ずいぶんと間が空いてしまいました。
嶋田洋平さんの『ほしい暮らしは自分でつくる ぼくらのリノベーションまちづくり』を読んで、色々と感じるところ、思うところがありました。
まちの中にある遊休不動産を資源化し、リノベーションし、魅力的な拠点ができると、そこを起点に地域が変わっていく。半径数百メートルの間に魅力をつなぐこと。

そうしう中で地域にお金を回していくことで生活できるようにしていくこと。
全国各地に広がりを見せ、岡崎市なども取り入れようとしている、「リノベーションまちづくり」という取り組み。
実際のところ、空気感や”バイブス”みたいなものは現場に行ってみないとわからないよなぁ。ということで、以前から気になっていた長野の「リビルディングセンタージャパン」(諏訪市)と「マスヤゲストハウス」(下諏訪)、その他福岡市や北九州の小倉へと、視察旅行(a.k.a 自腹旅)に行ってきました。

リビルディングセンタージャパン

リビルディングセンタージャパン(外部リンク)

リビルディングセンター外観

“レスキュー”のニーズや集まる速度に販売速度が追いつかないため、開店後初めての半額セールを行うということで、いろいろと参考になりそうなので、視察もかねて3月に長野県の店舗へ行ってきました。

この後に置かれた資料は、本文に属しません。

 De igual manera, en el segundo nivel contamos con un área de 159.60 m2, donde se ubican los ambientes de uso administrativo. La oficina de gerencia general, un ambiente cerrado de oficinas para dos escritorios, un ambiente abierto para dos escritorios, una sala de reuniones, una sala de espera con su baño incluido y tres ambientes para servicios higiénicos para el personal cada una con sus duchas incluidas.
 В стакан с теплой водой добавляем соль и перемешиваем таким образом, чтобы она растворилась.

「リビリディングセンター」には本家があって、もとのリビリディングセンターはアメリカ、ポートランドにあるリサイクル建材を扱う場所です。非営利団体による活動で、写真で見る限りですが、バスタブやトイレ、床材やドアノブ、解体現場から手作業で回収された素材を扱うDIY好きにはたまらないお店です。(そういえば最近読み返して気がついたんですが、『Spectator』の2009年「FROM OREGON WITH DIY」という特集号にはすでに載っていて、流し読みしていて正直最初に読んだときはピンときていませんでした。
ポートランドは「小商い」とか「サードウェーブコーヒー」とかの流れもあって、ここ数年、デザインの流行の中心地みたいに存在感を発してる感じです。しばらくそれが続いているのはやっぱり持続可能で人間中心な考え方が今のライフスタイルに合っていたり、何かを示唆しているからなんだろうな。)

 

その本家リビセンに影響を受け、名前の使用許可を取ってリビルディングセンタージャパンを始めたのが、代表の東野唯史さん。クラウドファウンディングによる資金調達や多くの人の協力で2016年の秋にオープンしました。

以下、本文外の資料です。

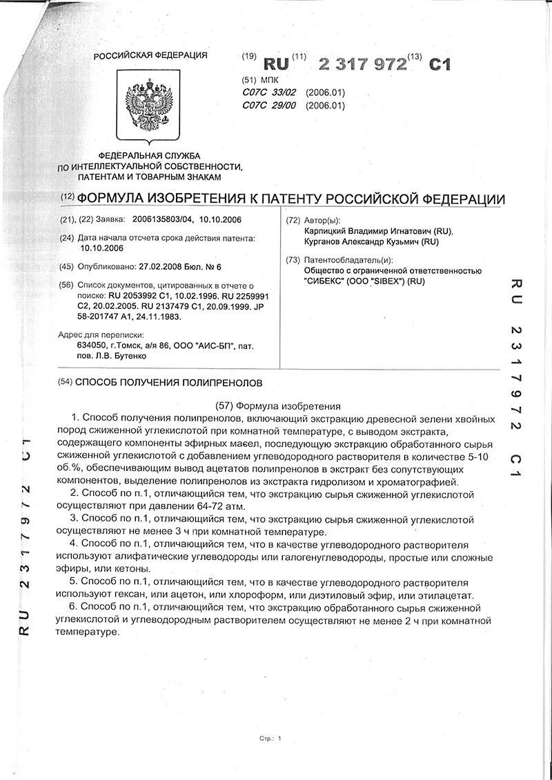 俄羅斯和拉脫維亞醫(yī)科院利用西伯利亞冷杉針葉提取的聚戊烯醇開發(fā)了ROPREN制劑, 在緩解神經(jīng)退行性疾病、免疫功能、護(hù)肝、多發(fā)性硬化癥、抗肝炎病毒和艾滋病毒以及輔助化療白血病等方面具有明顯的藥效。
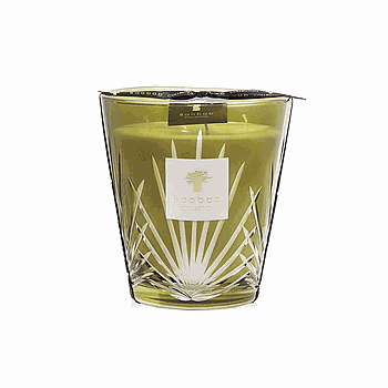 The Palm Springs scented candle is delicately hand engraved with a palm leaf pattern. The deep khaki colored glass recalls the vegetal spirit of this collection.
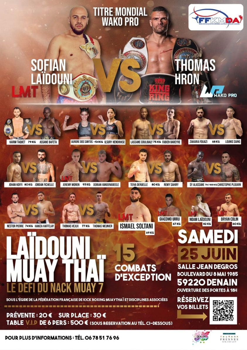 Le tenant du titre Tomas HRON « Rattelsnake » de l’HRON Gym et Colosseum gym (République Tchèque) s’incline à la majorité des juges face à son challenger Sofian LAÏDOUNI du Laïdouni Muay Thaï de Fresnes sur Escaut (France)

先日大ナゴヤ大学のイベント(2017/2/11『憧れの「つくる」暮らし 〜電力・住・食 編〜』)で東野さんのお話を聞きにいったところ、古材を”回収”ではなく”レスキュー” するといっていたのがとても印象的でした。もともとデザイナーで空間設計などをやっていた方で、その場に行って滞在し、たくさんの人と一緒に建築や空間作るということも興味深く、同じく諏訪地区にある、東野さんが手がけた「マスヤゲストハウス」にもいつか泊まってみようと思っていました。

コンテンツとしての空間

もう一つ、マスヤゲストハウスという素晴らしい東野唯史さんがリノベーションを手がけたゲストハウスにも泊まったのですが、リビセンまででやめておきます…。
(マスヤゲストハウスのホスピタリティには大変感動しました。他の宿で感じたことのない感覚で、素晴らしい宿とスタッフでした。人に会いに旅行をする人たちのことがわかりました。)
マスヤゲストハウス(外部リンク)
結論としてはマスヤゲストハウスに宿泊したことと、リビルディングセンターを見たことで、今後の自分の活動方針がなんとなく決まりました。

僕は、「アフォーダンス」というか環境による誘引の力というものをものすごく信じています。
まちでいくと、良い場、良い空間が生まれ、それが周囲に点として溢れ出して、連続的に繋がっていることで、地域がよくなっていく。魅力的な場所には、お店だったりスペースだったりゲストハウスだったり、起点は様々ですが、そういう流れがある気がします。
そういう意味で、「リノベーションまちづくり」というのは、記号的で、メディアデザイン的でもあるのだと感じています。空間もコンテンツも、もはや変わらない。
空間もIoT(「Internet of Things」=モノのインターネット)が進むことで仮想度が増したり、携帯電話などの画面を含め、ディスプレイが空間に溢れてくることやスマートフォンやSNS越しに世界を見ることで、世界そのものが映像メディア的になっています。

現代・現時点において、空間というのはとても強力なメディアでありコンテンツになっています。
空間やコミュニティまで含めた動線設計や関係性のデザインを考える必要があるんだと言語化できました。なので今後は、これまでのWebなどのデジタルコンテンツ制作業務中心から、徐々に地域のデザイン、拠点の整備、移住を考える人や地域の人などの”人”へのシフト(業務領域の拡大)をおこなっていくことになるのだと思います。